Avustralya Klinik Laboratuvarları (ACL), yan kuruluşlarından biri olan Medlab Pathology’de 2022’de veri gizliliği ihlali nedeniyle 5,8 milyon dolar ceza ödeyecek.
Medlab Patoloji, olaydan yaklaşık 10 ay sonra, patoloji testi sonuçlarının yanı sıra ödeme ve Medicare ayrıntılarını da etkileyen bir veri ihlali olduğunu açıkladı.
Olay, Avustralya Bilgi Komiserliği Ofisi’nin (OAIC) resmi bir soruşturma başlatmasını sağladı ve bu soruşturma, bir yıl sonra bir hukuk davası açılmasına yol açtı.

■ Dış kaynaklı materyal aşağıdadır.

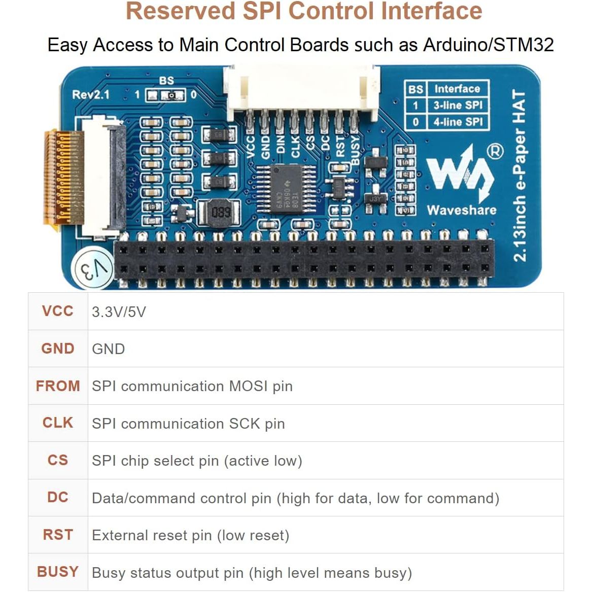 - 2.13inch E-Ink Display HAT V4 Version, 250x122 Resolution 3.3V/5V Black White Two-Color e-paper Screen Module for Raspberry Pi Zero/Zero W/Zero WH/2B/3B/3B+/4B, Supports Partial Refresh, SPI Interface

Nihai sonuç, Federal Mahkemenin gizlilik yasalarını ihlal ettiği için 5,8 milyon dolar ceza ve OAIC’in yasal masrafları için 400.000 dolar ceza vermesi oldu.
Mahkeme, Avustralya Klinik Laboratuarlarının gizlilik kurallarını ihlalinin, müşterilerinin kişisel bilgilerini korumadaki başarısızlıklarla sınırlı olmadığını ve bunun toplam cezanın 4,2 milyon dolarını oluşturduğunu tespit etti.
İhlalin araştırılması ve OAIC’e “makul olan en kısa sürede” bildirimde bulunulması için makul adımların atılmaması nedeniyle 1,6 milyon dolar daha cezalandırıldı.
Avustralyalı bilgi komiseri Elizabeth Tydd, cezaların şirketlere kişisel bilgiler içeren verileri yönetirken dikkatli olmaları gerektiğini hatırlatacağını söyledi.
Tydd, “Bu emirler aynı zamanda kayda değer bir caydırıcıyı temsil ediyor ve kuruluşlara, potansiyel veri ihlallerine ilişkin makul ve hızlı soruşturmalar yapmalarını ve bunları uygun şekilde raporlamalarını sağlamaları için bir sinyal sunuyor.” dedi.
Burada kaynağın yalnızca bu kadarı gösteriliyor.